Penulis: Damai Hari Lubis
Pengamat Hukum & Politik Mujahid 212
Banyak muncul persepsi negatif dari publik, dalam bentuk kecurigaan, ” bahwa pernikahan antara Anwar Usman atau AU. dengan Idawati, adik dari Jokowi, bagai simbol pernikahan politik, ” oleh sebab menurut Kode etik hakim AU. semestinya mengundurkan diri saat setelah menikahi adik Jokowi, karena perubahan status hubungan kekeluargaan, yang sebelumnya AU adalah orang lain, berubah menjadi semenda atau ipar dari Presiden Jokowi.
Oleh sebab hukum, objek gugatan Judisial review/ JR. melulu adalah selalu produk undang – undang atau hirarki yang sederajat dengan undang – undang. Dimana selain legislatif/ DPR RI, Presiden adalah pejabat tinggi publik pengesah dan sekaligus user undang – undang atau pengguna daripada objek perkara atau materi JR. Yang akan diajukan oleh setiap penggugat. Sehingga menjadikan subtantif Jokowi selaku pihak terkait, walau dalam prakteknya diwakili menteri atau pejabat tinggi pemerintahan ( Eksekutif ) yang berkompeten sebagai ad interm Negara RI. Sehingga riil secara de yure atau sistim konstitusi serta de facto, Pucuk Pimpinan Penyelenggara Negara RI. adalah Jokowi selaku Presiden atau kepala negara.
Bahwa, dari sisi etika atau moralitas, AU. Yang tetap sebagai Hakim dan Ketua MK.telah melanggar beberapa item Peraturan Mahkamah Konstitusi No. 09/ PMK/ 2006 Tentang Pemberlakuan Deklarasi Kode Etik Dan Perilaku Hakim Konstitusi. Khususnya prinsip – prinsip ;
1. Independensi. Hal yang terdapat pada aturan penerapan Nomor. 3. yakni, Hakim MK.” mesti terlepas dari pengaruh lembaga eksekutif, legislatif dan lembaga lembaga negara lainnya “.
2. Prinsip ketakberpihakan atau imparsialitas. Hal pada
Penerapan Nomor 1, ” Tidak Condong pada salah satu pihak ” dan Nomor 5 b. ” Anggota keluarganya mempunyai kepentingan langsung terhadap putusan “.

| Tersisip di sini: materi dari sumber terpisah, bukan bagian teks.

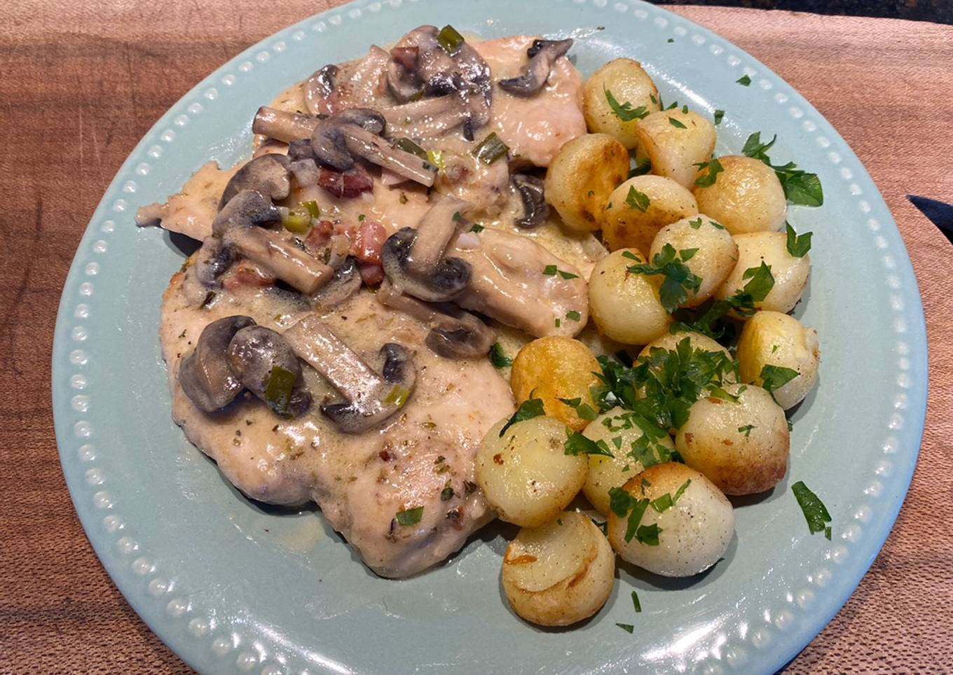 Escalopes de pollo con crema de champiñones y verdeo con papas noisettes

Sehingga AU. Selaku pengemban jabatan Hakim di Mahkamah konstitusi, menimbulkan kecurigaan publik, ” akan adanya eksistensi dalam bentuk intrik-intrik politik kepentingan diri Jokowi beserta keluarga dan kroni, oleh sebab Jokowi yang sah sebagai Kakak Ipar merupakan Presiden RI. Dan eksekutif tertinggi, otomatis secara logika dan juga manusiawi, tak terelakkan adanya faktor konflik interest yang korelasi terhadap sisi moralitas dapat meninggalkan nilai keadilan dan kejujuran.
Selanjutnya dalam perkembangannya AU. seperti memiliki imunitas terhadap keberlakuan kode etik yang tercantum jelas di dalam Peraturan MK. No. 9/ PMK/2006. Karena AU. Bergeming, tidak mengundurkan diri, alias tetap egoistis, menjabat hakim MK.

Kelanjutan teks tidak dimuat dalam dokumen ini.